Posted By cubeddu On 13 settembre 2020 @ 06:30 In Blog,Movimenti sociali, sindacati,Politica internazionale,Storia | Comments Disabled

Conversazione tragli storici  Aldo Agosti e Giovanni Sabatucci.

Una dura vertenza sindacale portò cent’anni fa all’occupazione delle maggiori fabbriche del Nord da parte degli operai. Due storici si confrontano su un episodio centrale nella vicenda della sinistra. Aldo Agosti: «Il Psi non era preparato a prendere il potere, la sua inerzia innescò la scissione del Pci». Giovanni Sabbatucci: «Sarebbe stato più logico che dal partito si fossero staccati i riformisti; una loro intesa con Giolitti forse avrebbe potuto fermare il fascismo»

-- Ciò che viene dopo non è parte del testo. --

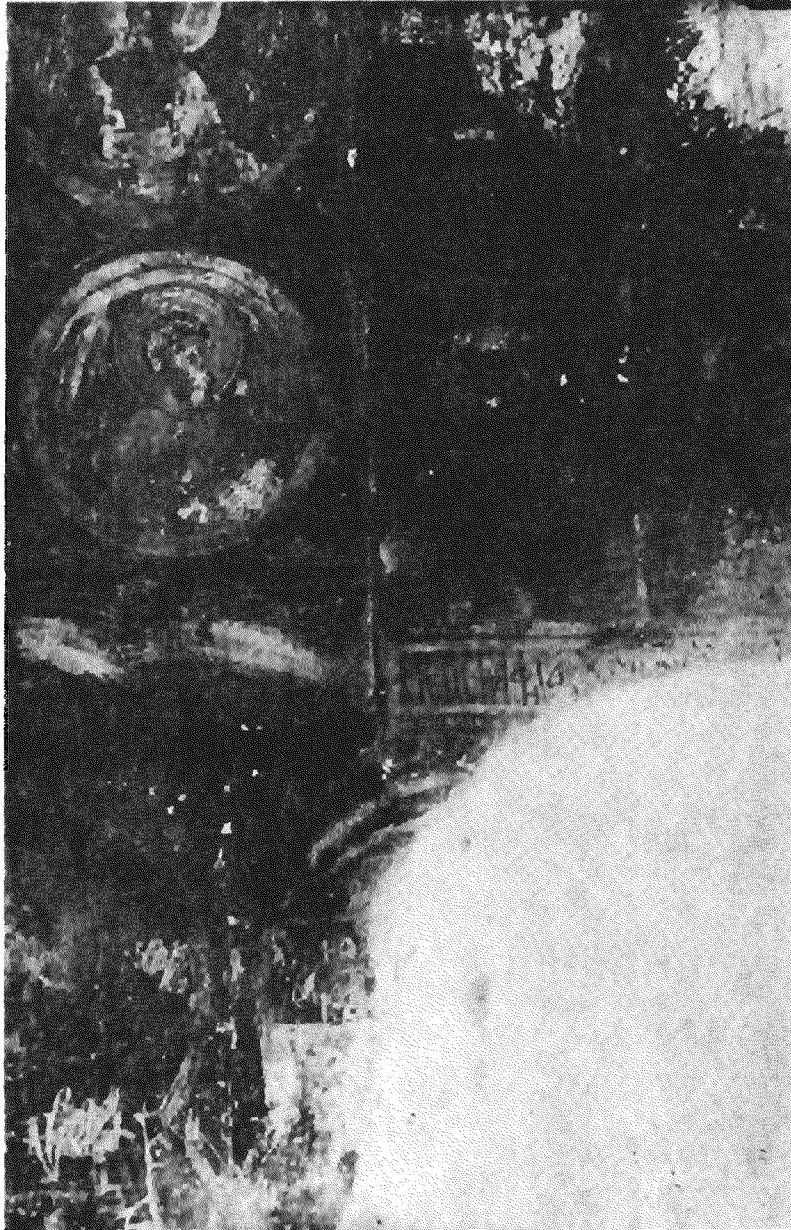
1. Χαράγματα στο ναό της μονής Τράχηλα Σητείας.

Un secolo fa, alla fine di agosto del 1920, una vertenza salariale dei metalmeccanici sfocia nella serrata degli industriali, alla quale il sindacato operaio Fiom risponde con l’occupazione delle principali fabbriche del Nord ai primi di settembre. Un evento spesso ricordato come l’apice del «biennio rosso», il momento in cui l’Italia fu più vicina a uno sbocco rivoluzionario. Ma fu davvero così? Abbiamo chiamato a discuterne gli storici Aldo Agosti, biografo del leader comunista Palmiro Togliatti, e Giovanni Sabbatucci, studioso del socialismo italiano.

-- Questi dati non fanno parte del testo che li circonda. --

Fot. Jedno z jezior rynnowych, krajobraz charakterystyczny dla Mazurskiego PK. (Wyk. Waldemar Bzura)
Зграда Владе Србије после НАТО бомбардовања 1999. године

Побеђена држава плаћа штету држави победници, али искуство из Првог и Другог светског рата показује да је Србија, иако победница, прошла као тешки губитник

ALDO AGOSTI — Oggi è quasi inconcepibile una situazione in cui la questione del potere viene posta nelle officine industriali, nel cuore della produzione materiale. Tuttavia bisogna ricordare che la lotta sindacale culminata nell’occupazione delle fabbriche ha un carattere eminentemente difensivo, anche sul piano del metodo. Per sostenere le sue rivendicazioni in fatto di salario e orario di lavoro, la Fiom adotta la tattica dello sciopero bianco, una forma di ostruzionismo che permette agli operai, stremati dalle precedenti vertenze, di intralciare la produzione senza rinunciare alla paga. A quel punto gli industriali rispondono con la serrata: chiudono gli impianti. I lavoratori reagiscono occupandoli, perché non hanno altra scelta. Ma la fase più acuta della lotta di classe si è già consumata nella primavera del 1920, quando in Piemonte si è svolto un lungo sciopero generale terminato con un sostanziale insuccesso.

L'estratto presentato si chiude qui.